▶ **Exercise goal**
Write out every line below again exactly as it stands, skipping each image.
--- START ---
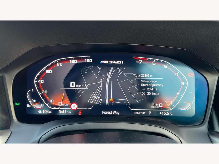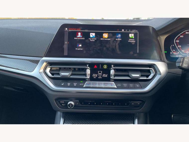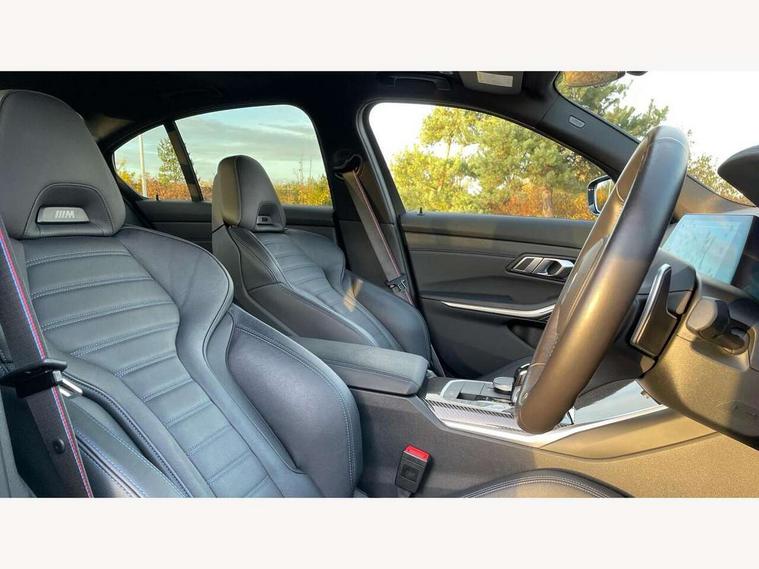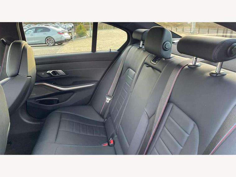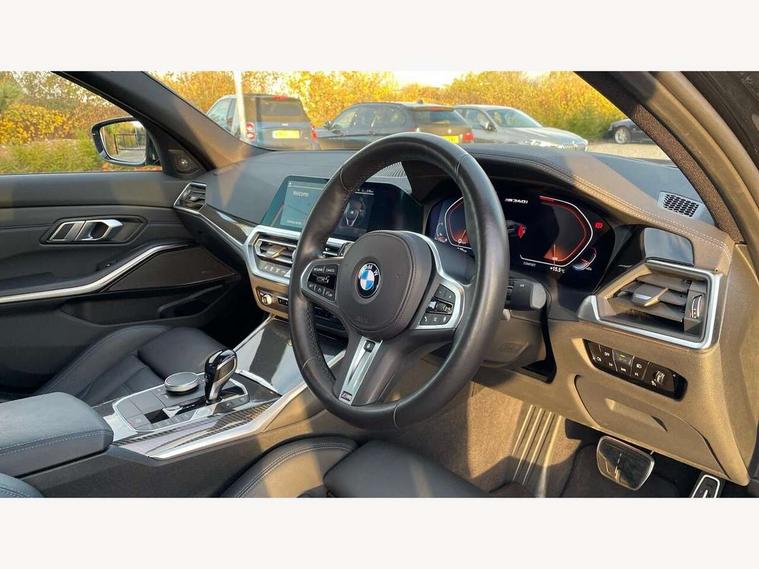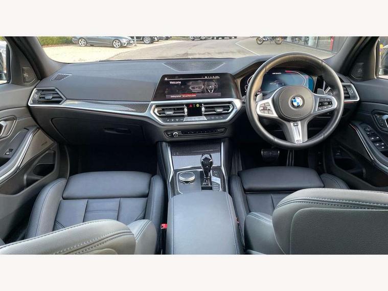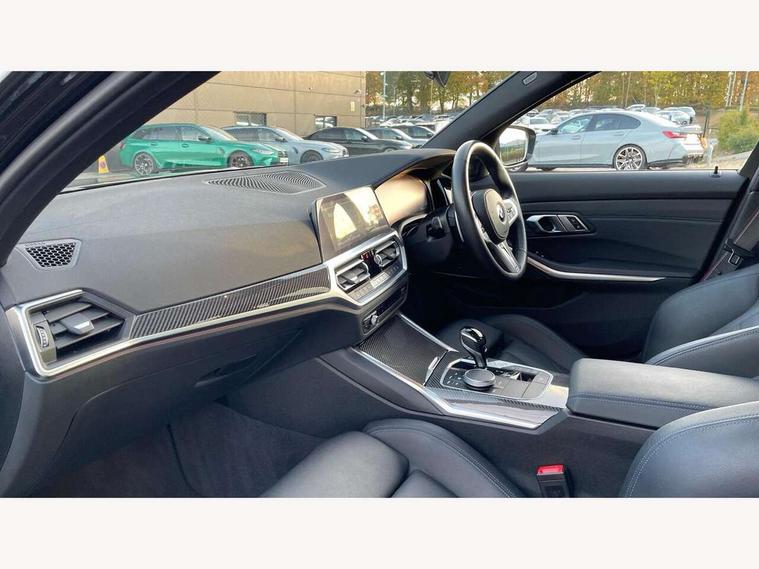 Active guard plus, Attentiveness assist, Bluetooth hands free facility with USB audio interface with audio streaming, BMW iDrive controller on centre console, BMW Live Cockpit Professional Nav with 12.3" instrument display + 10.25" display, Intelligent Voice Assist, BMW OS 7, HDD, 2USB, 4G LTE connect, BMW service history, BMW Teleservices, Brake pad wear indicator in front and rear, Check Control warning system for monitoring of lights and door/luggage compartment open warning, Condition based service, Cruise control with brake function + speed limiter, Electric power steering with Servotronic steering optimised at all speed ranges, Instrument cluster with speedometer with mph readout, tachometer, fuel gauge and oil temperature gauge, Integrated owners handbook, Oil sensor for level and grade, warning by check control system, On board computer - average speed+fuel consumption, service interval, clock/date, odometer/trip meter, outside temperature display and ice warning, Optimum shift indicator, Personal Profile - automatic lock when driving away selectable, Variable sport steering, 48V Mild hybrid technology, Adaptive M suspension, Balanced 50/50 weight distribution, Battery cut-out switch, Drive performance control - ECO PRO, comfort and sport modes, Larger capacity fuel tank, M Sport differential, Petrol Particulate Filter, Stroke dependent dampers, DAB tuner, Electronic service booklet, 2 x square exhaust tailpipes, Acoustic glazing, Active airstream chrome frame kidney grille with 8 high gloss black vertical slats, Automatic headlight beam throw control with load dependent regulating reaction, dynamic compensation of braking dive and acceleration squat, Black roof mouldings, Body colour door handles, Body colour front and rear bumpers, Body colour fuel filler flap, Dynamic brake lights, Electric windows - front and rear, with open/close fingertip control, anti-trap facility and comfort closing, Exterior mirrors - electrically folding with anti-dazzle, Fading support, Front and rear bumper system with replaceable deformation elements, Front black door sill finishers with BMW designation, Green tinted heat protection glazing, High gloss shadow line exterior trim, Interior rear view electrochromatic mirror with automatic anti dazzle function, LED daytime running lights, LED front fog lights, Lightweight engineering, M designation on front side panels, left and right, M Sport spoiler, Matt black exterior B pillar, Model designation on right side of tailgate, Rain sensor with automatic headlight activation, Shark fin antenna, Sun protection glass, Two part LED tailights in L-shape with components in smoked glass, brake light, LED turn indicator and rear fog light, Visible VIN plate, Welcome lights in interior and door handle area, Windscreen wipers with integrated washing jets, xDrive designation on left tailgate, 12V power socket in front storage compartment, 2 front cupholder in centre console with clamping elements and matt black inlay, 3 rear seats with non folding headrests with 3 point seat belts, 3 zone automatic air conditioning, 4 pieces lashing eyelets in luggage compartment, 40:20:40 split folding rear seat with loading system, Ambient lighting with welcome carpet light, Anthracite headlining, Armrest integrated in front and rear door trim + front centre console armrest, Backrest width adjustment, Centred top Luggage compartment lights, Four grab handles integrated in roof lining, Front and rear door exit lighting (left / right), Front and rear door pockets, Front and rear reading lights, Front and rear velour floor mats, Front head restraints, Heated front seats, Height adjustable mechanically and infinitely variable steering column, Illuminated armrest storage compartment, Illuminated glove compartment with separate small compartment, Interior lighting - front centre over interior mirror with soft light, rear centre and front and rear footwell lighting, M sport leather steering wheel, Make-up mirror lights, Rear centre armrest with 2 cupholders, Rear centre console with storage compartment and ventilation grille, Sunvisors with vanity mirrors and ticket pocket, Toolkit located in luggage compartment, Connected pack professional - 3 Series Saloon/Touring, M sport exterior styling pack - 3 Series Saloon/Touring, 2 tone horn, BMW emergency call, Brake energy regeneration, Braking pre-tensioning, Child proof locking system in rear door, Child seat ISOFIX attachment rear outer seats, Coasting in idle in ECO PRO mode, Crash sensor activating of airbags, Unlocking doors, hazard warning lights, interior light, safety battery terminal, Driver and front passenger side airbags, integrated in the door side seat backrest bolsters for all seat variants, Driver/Front Passenger airbags, Dry braking, Dynamic brake control, Dynamic stability control + (DSC+) - Anti-lock Braking System (ABS) with brake assist and cornering brake control + Automatic Stability Control (ASC), Dynamic Traction Control - DTC, Electric parking brake including automatic hold function and automatic release of the parking brake when driving off, Front passenger manual airbag deactivation, Head airbags for all 4 outer seats, Hill start assist, M sport seatbelt, Seat belt security check for driver and front passenger, Side impact protection, Three 3 point seat belts on all seats including front belt stopper, pyrotechnic belt tensioners and belt force limiters, Tyre pressure monitoring with three level warning strategy, Ventilated front and rear disc brakes, Warning triangle and first aid kit, Alarm system (Thatcham 1) with remote control and electronic engine immobiliser, Central locking switch for all doors, fuel filler cap and luggage compartment, Remote control with integrated key one button open/close vehicle and windows, sole opening of the luggage compartment lid and panic mode, Start/stop button with Comfort Go keyless engine start and auto Start/stop deactivation button, Vehicle key with M specific designation, 
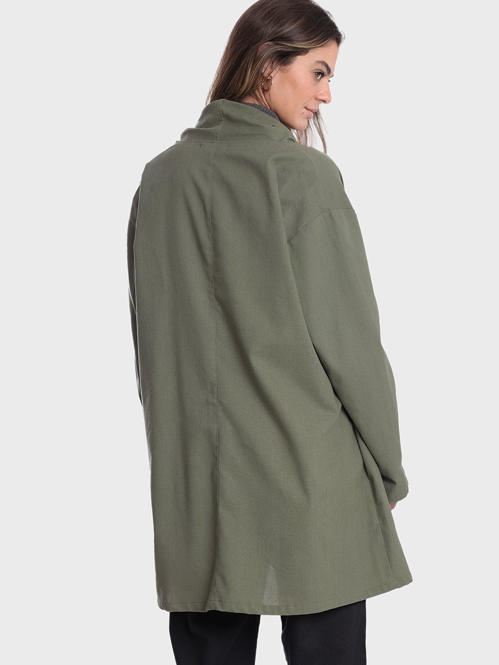 Cardigan oversized em linho, gola panejada, pode ser usada como echarpe, ou de outras maneiras, vai da sua criatividade.
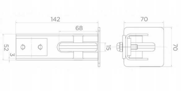 Uchwyt górny do bram przesuwnych samonośnych i szynowych, który stabilizuje je po zamknięciu uniemożliwiając ruchy boczne.
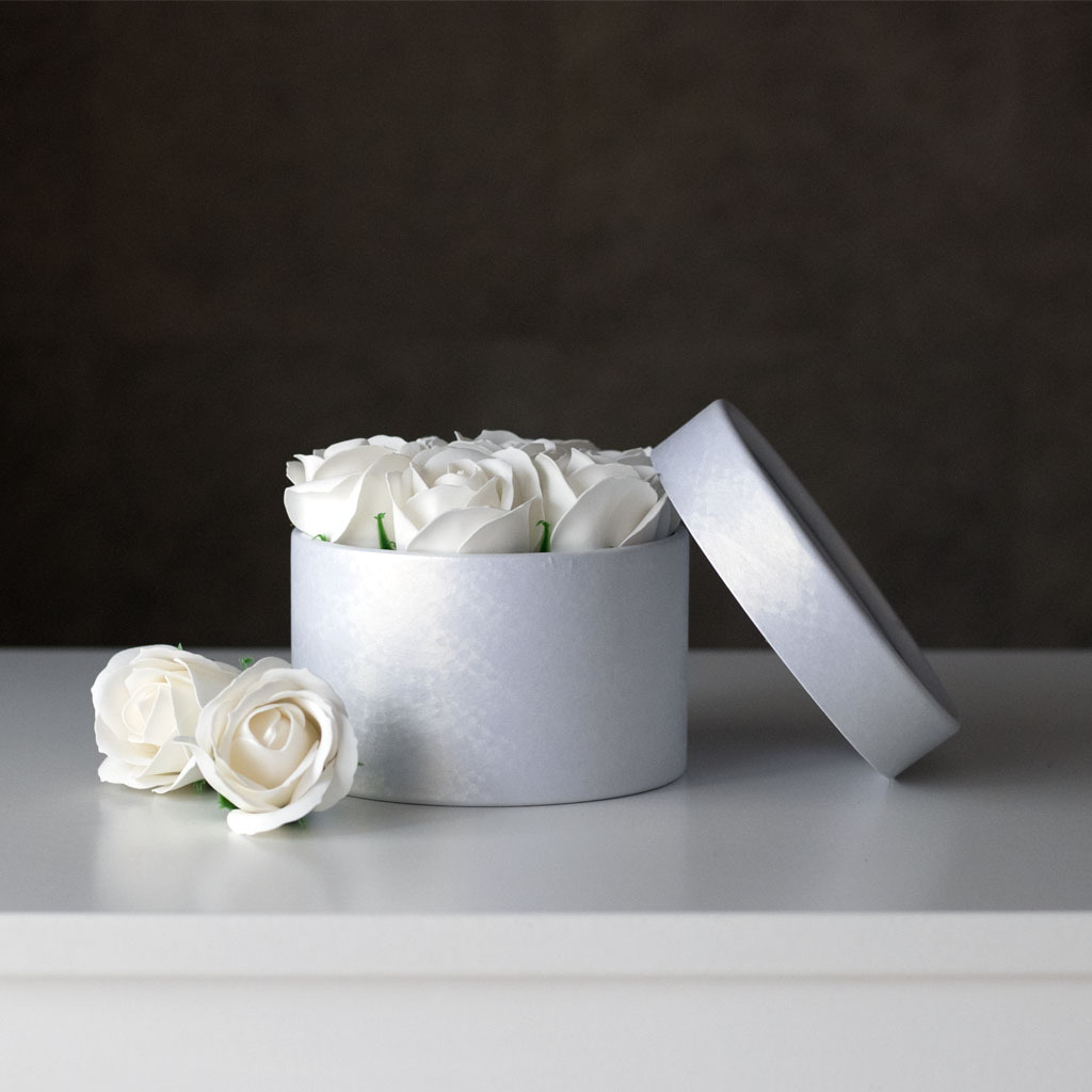 Happylu.cz Mýdlové růže ve flower boxu - bílé růže Zvolte počet růží: 11 růží - Ø 16 cm x 11 cm
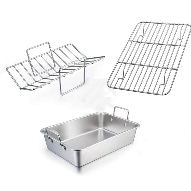 Product combination: Round handle baking tray/Flat handle baking tray/Black grill/Silver mesh rack
--- END ---
▶ **Answer to this exercise**
 Active guard plus, Attentiveness assist, Bluetooth hands free facility with USB audio interface with audio streaming, BMW iDrive controller on centre console, BMW Live Cockpit Professional Nav with 12.3" instrument display + 10.25" display, Intelligent Voice Assist, BMW OS 7, HDD, 2USB, 4G LTE connect, BMW service history, BMW Teleservices, Brake pad wear indicator in front and rear, Check Control warning system for monitoring of lights and door/luggage compartment open warning, Condition based service, Cruise control with brake function + speed limiter, Electric power steering with Servotronic steering optimised at all speed ranges, Instrument cluster with speedometer with mph readout, tachometer, fuel gauge and oil temperature gauge, Integrated owners handbook, Oil sensor for level and grade, warning by check control system, On board computer - average speed+fuel consumption, service interval, clock/date, odometer/trip meter, outside temperature display and ice warning, Optimum shift indicator, Personal Profile - automatic lock when driving away selectable, Variable sport steering, 48V Mild hybrid technology, Adaptive M suspension, Balanced 50/50 weight distribution, Battery cut-out switch, Drive performance control - ECO PRO, comfort and sport modes, Larger capacity fuel tank, M Sport differential, Petrol Particulate Filter, Stroke dependent dampers, DAB tuner, Electronic service booklet, 2 x square exhaust tailpipes, Acoustic glazing, Active airstream chrome frame kidney grille with 8 high gloss black vertical slats, Automatic headlight beam throw control with load dependent regulating reaction, dynamic compensation of braking dive and acceleration squat, Black roof mouldings, Body colour door handles, Body colour front and rear bumpers, Body colour fuel filler flap, Dynamic brake lights, Electric windows - front and rear, with open/close fingertip control, anti-trap facility and comfort closing, Exterior mirrors - electrically folding with anti-dazzle, Fading support, Front and rear bumper system with replaceable deformation elements, Front black door sill finishers with BMW designation, Green tinted heat protection glazing, High gloss shadow line exterior trim, Interior rear view electrochromatic mirror with automatic anti dazzle function, LED daytime running lights, LED front fog lights, Lightweight engineering, M designation on front side panels, left and right, M Sport spoiler, Matt black exterior B pillar, Model designation on right side of tailgate, Rain sensor with automatic headlight activation, Shark fin antenna, Sun protection glass, Two part LED tailights in L-shape with components in smoked glass, brake light, LED turn indicator and rear fog light, Visible VIN plate, Welcome lights in interior and door handle area, Windscreen wipers with integrated washing jets, xDrive designation on left tailgate, 12V power socket in front storage compartment, 2 front cupholder in centre console with clamping elements and matt black inlay, 3 rear seats with non folding headrests with 3 point seat belts, 3 zone automatic air conditioning, 4 pieces lashing eyelets in luggage compartment, 40:20:40 split folding rear seat with loading system, Ambient lighting with welcome carpet light, Anthracite headlining, Armrest integrated in front and rear door trim + front centre console armrest, Backrest width adjustment, Centred top Luggage compartment lights, Four grab handles integrated in roof lining, Front and rear door exit lighting (left / right), Front and rear door pockets, Front and rear reading lights, Front and rear velour floor mats, Front head restraints, Heated front seats, Height adjustable mechanically and infinitely variable steering column, Illuminated armrest storage compartment, Illuminated glove compartment with separate small compartment, Interior lighting - front centre over interior mirror with soft light, rear centre and front and rear footwell lighting, M sport leather steering wheel, Make-up mirror lights, Rear centre armrest with 2 cupholders, Rear centre console with storage compartment and ventilation grille, Sunvisors with vanity mirrors and ticket pocket, Toolkit located in luggage compartment, Connected pack professional - 3 Series Saloon/Touring, M sport exterior styling pack - 3 Series Saloon/Touring, 2 tone horn, BMW emergency call, Brake energy regeneration, Braking pre-tensioning, Child proof locking system in rear door, Child seat ISOFIX attachment rear outer seats, Coasting in idle in ECO PRO mode, Crash sensor activating of airbags, Unlocking doors, hazard warning lights, interior light, safety battery terminal, Driver and front passenger side airbags, integrated in the door side seat backrest bolsters for all seat variants, Driver/Front Passenger airbags, Dry braking, Dynamic brake control, Dynamic stability control + (DSC+) - Anti-lock Braking System (ABS) with brake assist and cornering brake control + Automatic Stability Control (ASC), Dynamic Traction Control - DTC, Electric parking brake including automatic hold function and automatic release of the parking brake when driving off, Front passenger manual airbag deactivation, Head airbags for all 4 outer seats, Hill start assist, M sport seatbelt, Seat belt security check for driver and front passenger, Side impact protection, Three 3 point seat belts on all seats including front belt stopper, pyrotechnic belt tensioners and belt force limiters, Tyre pressure monitoring with three level warning strategy, Ventilated front and rear disc brakes, Warning triangle and first aid kit, Alarm system (Thatcham 1) with remote control and electronic engine immobiliser, Central locking switch for all doors, fuel filler cap and luggage compartment, Remote control with integrated key one button open/close vehicle and windows, sole opening of the luggage compartment lid and panic mode, Start/stop button with Comfort Go keyless engine start and auto Start/stop deactivation button, Vehicle key with M specific designation, 
 Cardigan oversized em linho, gola panejada, pode ser usada como echarpe, ou de outras maneiras, vai da sua criatividade.
 Uchwyt górny do bram przesuwnych samonośnych i szynowych, który stabilizuje je po zamknięciu uniemożliwiając ruchy boczne.
 Happylu.cz Mýdlové růže ve flower boxu - bílé růže Zvolte počet růží: 11 růží - Ø 16 cm x 11 cm
 Product combination: Round handle baking tray/Flat handle baking tray/Black grill/Silver mesh rack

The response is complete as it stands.